- _WHAT YOU SHOULD DO_: Take the data below and copy exactly the lines starting at the one with "タイトル | 外役連鎖ノ着スル図/第五等役囚重鎖ヲ着スル図/第四等役囚軽鎖ヲ着スル図 |" and finishing at the one with "לחץ על מרינקוביץ'", both included.

- _EXERCISE INPUTS_:
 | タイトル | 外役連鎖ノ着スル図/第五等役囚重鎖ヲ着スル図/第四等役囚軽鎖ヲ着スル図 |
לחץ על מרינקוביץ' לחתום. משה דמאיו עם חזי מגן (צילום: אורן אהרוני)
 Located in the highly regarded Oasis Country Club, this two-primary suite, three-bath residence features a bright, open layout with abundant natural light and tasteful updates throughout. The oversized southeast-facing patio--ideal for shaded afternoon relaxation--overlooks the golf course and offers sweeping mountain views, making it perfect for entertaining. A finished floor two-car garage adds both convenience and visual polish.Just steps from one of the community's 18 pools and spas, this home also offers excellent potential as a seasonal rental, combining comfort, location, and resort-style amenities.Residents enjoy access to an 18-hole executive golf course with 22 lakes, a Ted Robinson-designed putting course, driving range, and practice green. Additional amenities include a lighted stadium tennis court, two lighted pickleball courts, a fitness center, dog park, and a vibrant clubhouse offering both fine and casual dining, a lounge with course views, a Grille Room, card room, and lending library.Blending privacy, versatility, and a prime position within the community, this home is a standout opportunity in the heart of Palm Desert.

---

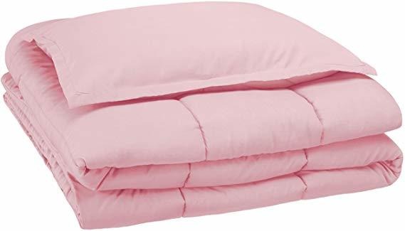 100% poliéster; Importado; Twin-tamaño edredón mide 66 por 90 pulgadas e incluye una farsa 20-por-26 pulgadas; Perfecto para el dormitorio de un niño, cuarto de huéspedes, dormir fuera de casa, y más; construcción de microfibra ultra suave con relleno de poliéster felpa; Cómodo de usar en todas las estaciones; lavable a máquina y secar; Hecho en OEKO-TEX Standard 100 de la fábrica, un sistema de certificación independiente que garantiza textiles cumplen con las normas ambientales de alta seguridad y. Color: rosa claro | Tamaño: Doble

---

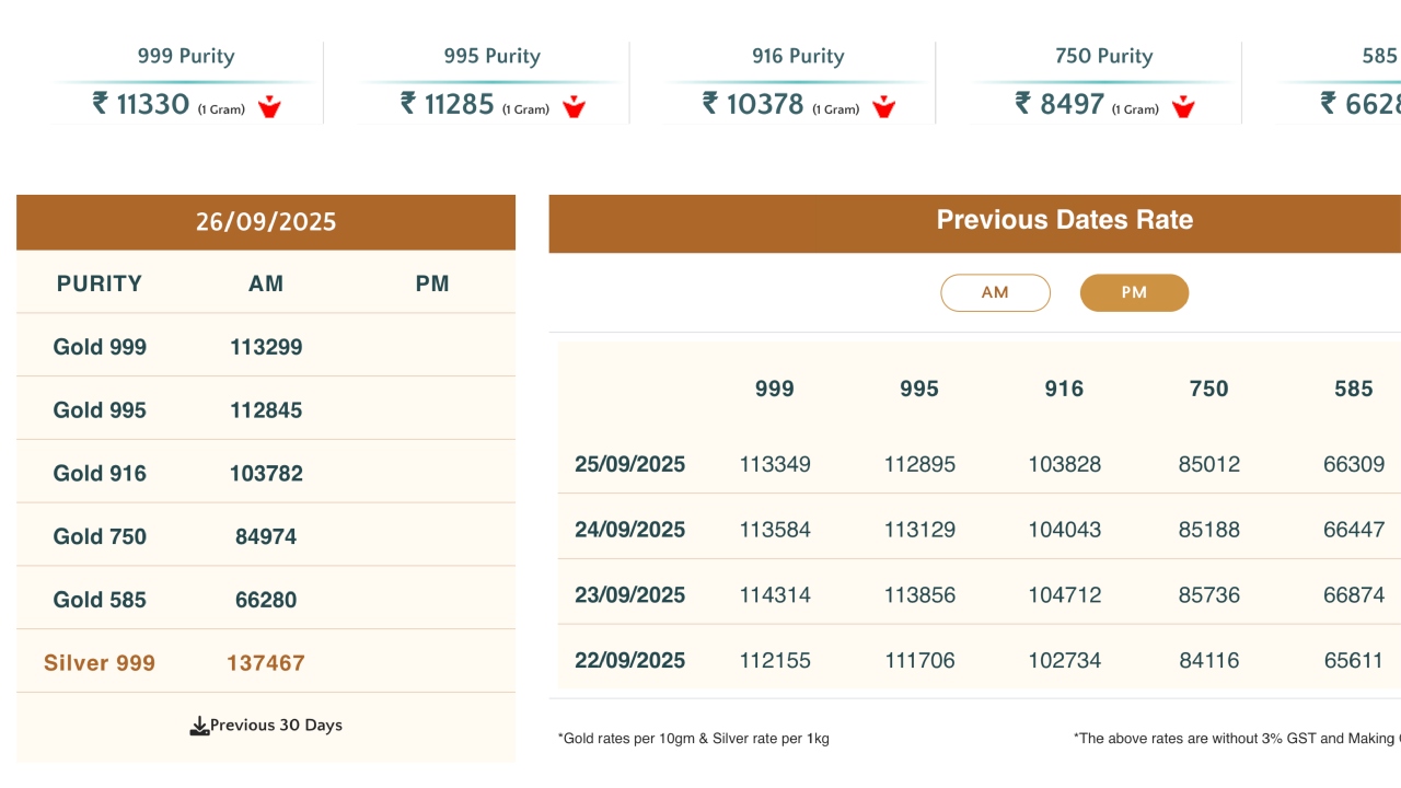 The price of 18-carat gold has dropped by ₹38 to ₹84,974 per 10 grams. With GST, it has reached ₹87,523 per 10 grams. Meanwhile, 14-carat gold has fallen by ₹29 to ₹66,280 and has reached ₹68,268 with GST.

- _SOLUTION_:
 | タイトル | 外役連鎖ノ着スル図/第五等役囚重鎖ヲ着スル図/第四等役囚軽鎖ヲ着スル図 |
לחץ על מרינקוביץ' לחתום. משה דמאיו עם חזי מגן (צילום: אורן אהרוני)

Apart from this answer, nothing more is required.